The suit stems primarily from Graham’s visit to Cortines’ Kern County ranch in July 2010. Cortines has said that he and Graham engaged in one episode of consensual “adult behavior,” which Cortines characterized as bad judgment on his part.
Graham, 56, alleges that, over the course of two days, Cortines repeatedly tried to engage him in unwanted sexual behavior, and that he felt trapped.
Graham also alleges that later, two supervisors failed to report the issue for several weeks after Graham confided in them. Subsequently, L.A. Unified General Counsel David Holmquist allegedly urged him to drop the matter, according to the suit, which was filed last July.
The district contends that Graham insisted to his supervisors that the alleged incident should not be acted on, and that officials respected his wishes, while also directing him to report any future misconduct.
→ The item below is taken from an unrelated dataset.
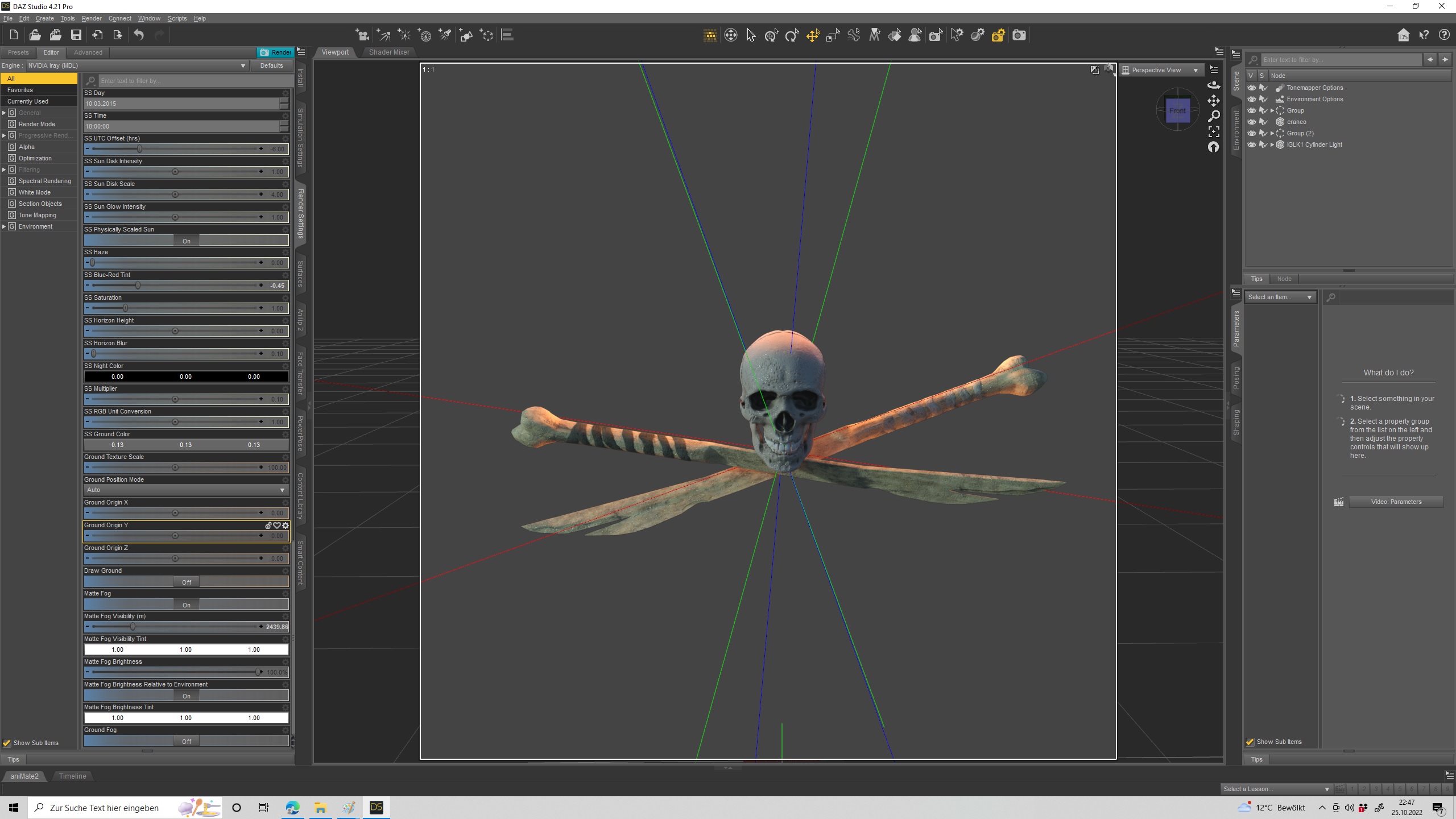 Den Totenkopf mit gekreuzten Beinen erstelle ich selber in Daz mit Freebies von Scetchfab ,ein Forum,wo man nützliche Props frei für Blender, Daz bekommen kann

Cortines, 80, a leading national figure in education, retired in April 2011.
In March 2012, Graham’s attorneys notified L.A. Unified that they intended to file a harassment claim. In May, the Board of Education approved a cash settlement of $200,000 plus lifetime health benefits for Graham, who also agreed to leave his $150,000-a-year job as director of leasing and asset management.
The agreement broke down in part because district officials made it public before it was final. Graham ultimately returned to work.
“The facts alone without ever hearing my side of the story should be sickening to the community,” Graham wrote in an email. “Superintendent Cortines admitted that he took a married employee to his vacation home and had inappropriate sexual relations.”
Meanwhile, parents, students and staff last week voted to change the name of the downtown Cortines School of Visual and Performing Arts.
Cortines’ name on the district’s visually striking $232-million high school was an issue of contention even before the harassment allegations. The school board overrode its own school naming process to honor Cortines. Board President Monica Garcia, who represents the school, said the action was justified based on Cortines’ long service as well as his dedication to the arts and to the arts high school.
But the allegations helped stoke continued unhappiness over the naming.
In balloting organized at the school, about 60% of participants opted for the name Grand School of Visual and Performing Arts, a reference to the Grand Avenue location, said former PTA leader Judi Bell, a member of the renaming committee.
In second place, with 36%, was a name that incorporated "#9,” which refers to the project number before the school was named — and the fact that the campus opened on Sept. 9, 2009. The current name attracted just under 4% of the votes. Leaders of the effort now intend to bring the matter to the Board of Education for consideration.
About half the students voted as well as about 200 parents and 33 staff members. Some staff members expressed concern about retaliation if they took part in the process.